I'm also in the Silicon Valley and I deal with dead machines quite often. The Genius Bar guys weren't exactly off track. Apple doesn't do data recovery, and they'd end up referring you to Drivesavers or Ontrack anyway.
posted by drstein at 7:42 PM on January 2, 2007


1. buy a cheap 2.5" firewire external hard drive enclosure (or, even better, borrow one from a friend).
2. Pull the drive (using instructions from ifixit).
3. Put the drive in the enclosure, see if it works.
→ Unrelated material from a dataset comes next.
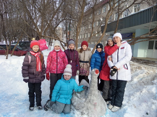 Снежные фигурыВ воскресенье, 18 января, около музыкального колледжа собрались дети и родители 4Е класса, чтобы принять участие в конкурсе снежных фигур. Казалось бы, что в такую погоду сложно будет что-нибудь вылепить. Но благодаря смекалке и умелым рукам юных скульпторов и их родителей из непослушного снега появляются красивые фигуры. И вот уже как в «Лебедином озере» Петра Ильича Чайковского пред нами явились лебеди. Сколько радости и удовольствия в процессе работы получили дети и взрослые!
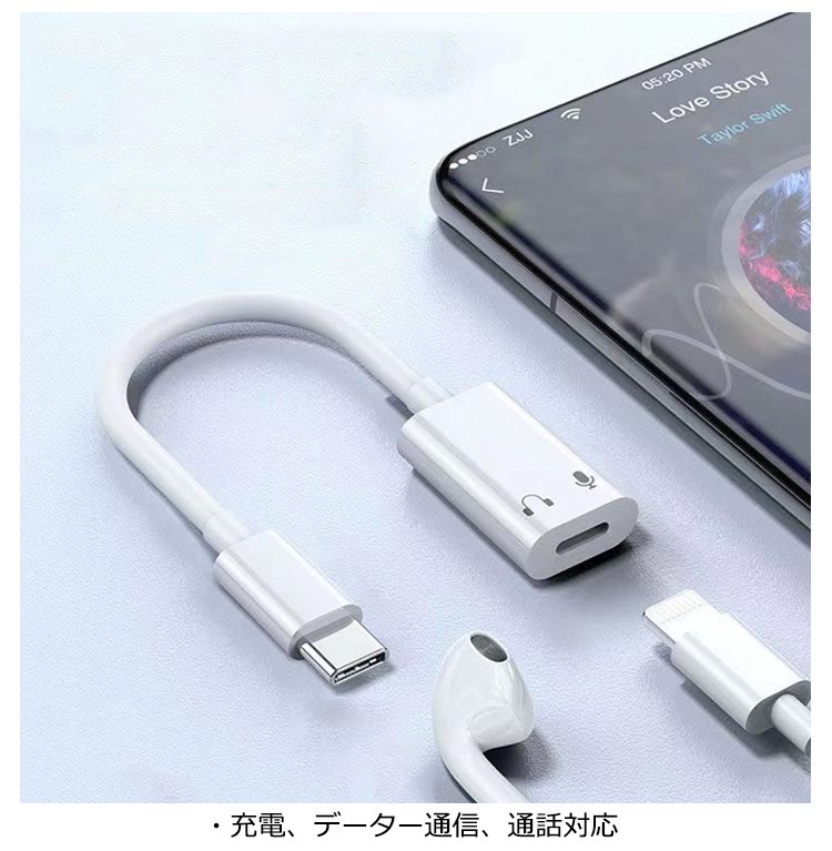 Lightningイヤホン to Type-C 変換アダプター 充電 データー通信 音楽 通話対応 音量調整 オーディオ専用変換アダプターUSB タイプC イヤフォン ヘッドホン 変換ケーブル

In my experience, this will probably do the trick - I have seen dozens of liquid spills on mac laptops, and only one of those caused any damage to the HD. It's worth a shot, because if this doesn't fix it, now you know that it will be very expensive. Also, if it works - hey, you've got your data, plus a semi-new external hard drive! Perfect for all those future backups!
posted by sluggo at 8:14 PM on January 2, 2007


What I'm surprised no one has pointed out is that if the liquid caused physical damage to the drive platter or heads, and replacing the circut board works, starting the drive up again might cause even more damage.

Most good quality data recovery places will give you a free no-risk quote, so it might be a good idea to have them look at it and check it for physical harm before proceeding with your own data-recovery process.
posted by dantekgeek at 11:59 PM on January 2, 2007


Just a FYI. You might not want to touch the drive and have it checked out by a data recovery specialist.

Powering it up may cause even more damage.
posted by mphuie at 12:25 AM on January 3, 2007


"Most good quality data recovery places will give you a free no-risk quote"

Not Drivesavers, unless they've recently changed their pricing scheme. Give them a call and ask. Last time I sent them a drive, there was a $150 diagnostic fee.